Mark Taylor, professor of parasitology at the Liverpool School of Tropical Medicine, said they have developed a new treatment for elephantiasis and river blindness. The treatment is undergoing clinical trials in Cameroon and Ghana.

The Carter Centre estimates that parasitic elephantiasis, a debilitating skin disease, causes an annual economic loss of about $1bn to India alone. Around 18m people worldwide are infected with river blindness, 300,000 of whom have permanently lost their sight.

A single parasite is responsible for the two diseases.

Prof Taylor told the BA Festival of Science in Liverpool that drug resistant forms of the parasite are beginning to emerge and new treatments are urgently needed.

Existing drug therapies for these diseases provide only temporary relief and kill only juvenile worms, leaving the adults to reproduce. As a result, the symptoms recur typically every six to nine months. People with elephantiasis and river blindness need to take these drugs for 35 years on average.

“Getting rid of river blindness in areas of west Africa using these drugs and insecticides has been effective, but enormously costly,” said Prof Taylor. “Because of the environmental damage caused by pesticides, that approach now can't be used.”

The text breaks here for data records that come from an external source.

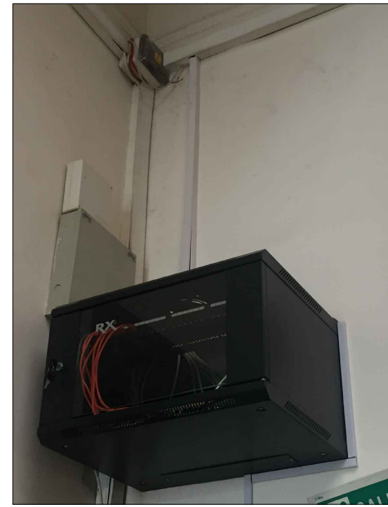
RACK DE DATOS
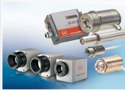
Sensoren und Messgeräte für berührungslose Temperaturmessung
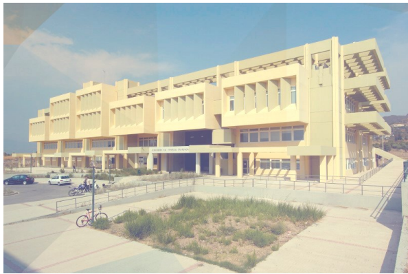
Το κτήριο της ΒΚΠ στην πανεπιστημιούπολη Πατρών
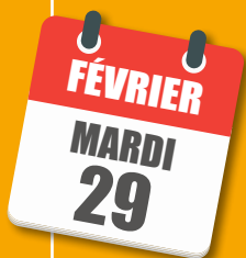
TABLE RONDE ET ATELIER À LA CHARTREUSE

Le 5 e forum des ESAT aura lieu jeudi 23 février, de 10h00 à 16h00, au Conseil Départemental, 1 rue Joseph Tissot à Dijon. Avec, à 14h00, une table ronde sur le parcours professionnel en ESAT, évolutions et perspectives . Entrée libre mais confirmer votre présence à l'adresse mdph@cotedor.fr
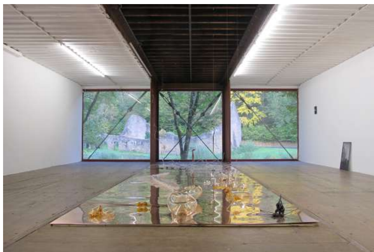
2023
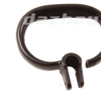
名称: 前手把 HANDLE,FRONT NO:MPM-024
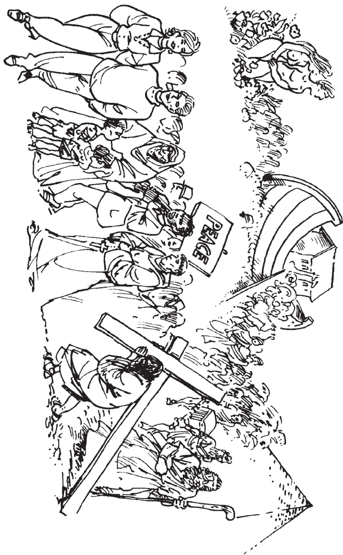
Der Ahnenzug, Künstler unbekannt

The new treatment, developed at the Liverpool School of Tropical Medicine, offers hope of a lasting cure. It uses antibiotics to target bacteria that the parasitic worms use to reproduce. Killing the bacteria sterilises the worms, ending the infection.

Prof Taylor said: “The fact that we are able to use simple, cheap antibiotics that are already available in these epidemic areas is very important.”

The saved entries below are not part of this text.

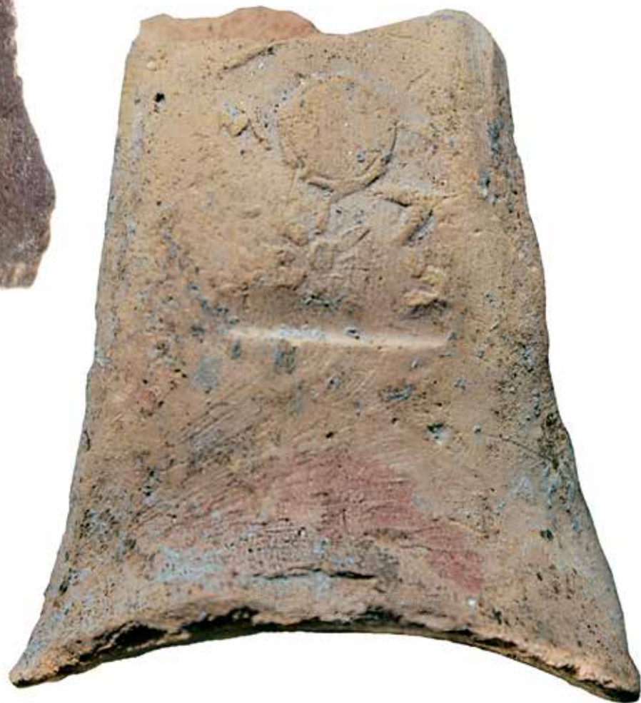
Печати са тасоских транспортних амфора, Кале-Кршевица, IV век пре н. е. (Народни музеј Србије)
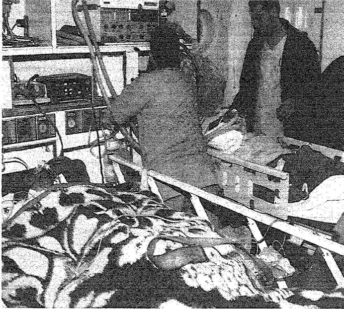
مصايو فلسطين في أحد مستشفيات المملكة.
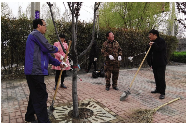
机关干部开展环境卫生整治活动

卫庄镇位于县城东部,东华山脚下,镇域内平均海拔788米左右。全镇国土总面积20万亩,其中耕地面积1.1万亩,林地面积15.79万亩。境内有省级森林公园东华山森林公园、国家级文物保护单位太阴寺、省级文物保护单位晋文公墓等旅游资源。横水至翼城一级公路穿境而过,交通便利、气候宜人,风景秀丽、人杰地灵。
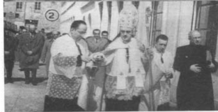
INSTITUTO «CARDENAL LÓPEZ DE MENDOZA» DE BURGOS.—1. Vista general del nuevo edificio.—2. Bendición del edificio por el Obispo Auxiliar de la Archidiócesis.
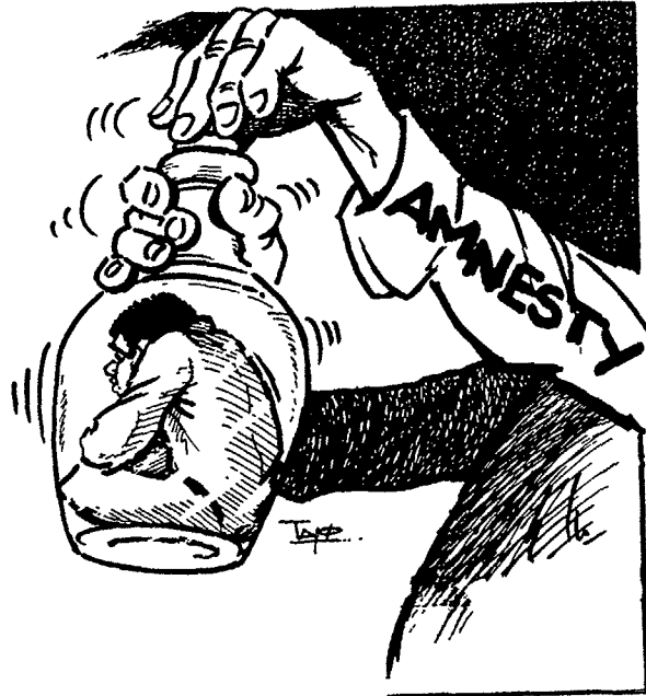
Mother of all Liberators!

Ik zal het eerst hebben over de tweede taak: hoe kan de Commissie erop toezien dat de in het Handvest genoemde grondrechten worden nageleefd in de landen die het verdrag geratificeerde hebben? Daarvoor staan de Commissie twee instrumenten ter beschikking:
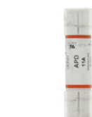
F-11A-347357 Fusible pour 61-357 & 61-347
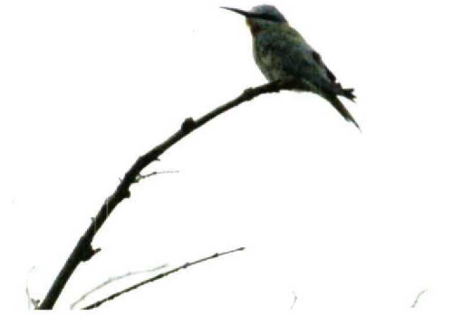
74 Blue-cheeked Bee-eater / Groene Bijeneter Merops persicus , Christiansø, Bornholm, Denmark, June 1989 75 Blue-cheeked Bee-eater / Groene Bijeneter Merops persicus (collected on Scilly, Engeland, 13 July 1921), Isles of Scilly Museum, St Mary's, Scilly, England, October 1992 76 Blue-cheeked Bee-eater / Groene Bijeneter Merops persicus , Cowden, Humberside, England, July 1989 77-79 Blue-cheeked Bee-eater / Groene Bijeneter Merops persicus , Texel, Noordholland, Netherlands, 30 September 1961

The new drug needs to be taken for four to six weeks to be effective, making it difficult to administer in remote areas.

Prof Taylor’s team is looking for drugs that can be taken in combination with the antibiotics to shorten the time needed for the treatment. “We’re currently using funding from the Bill and Melinda Gates Foundation to translate this into an effective public health tool,” he said.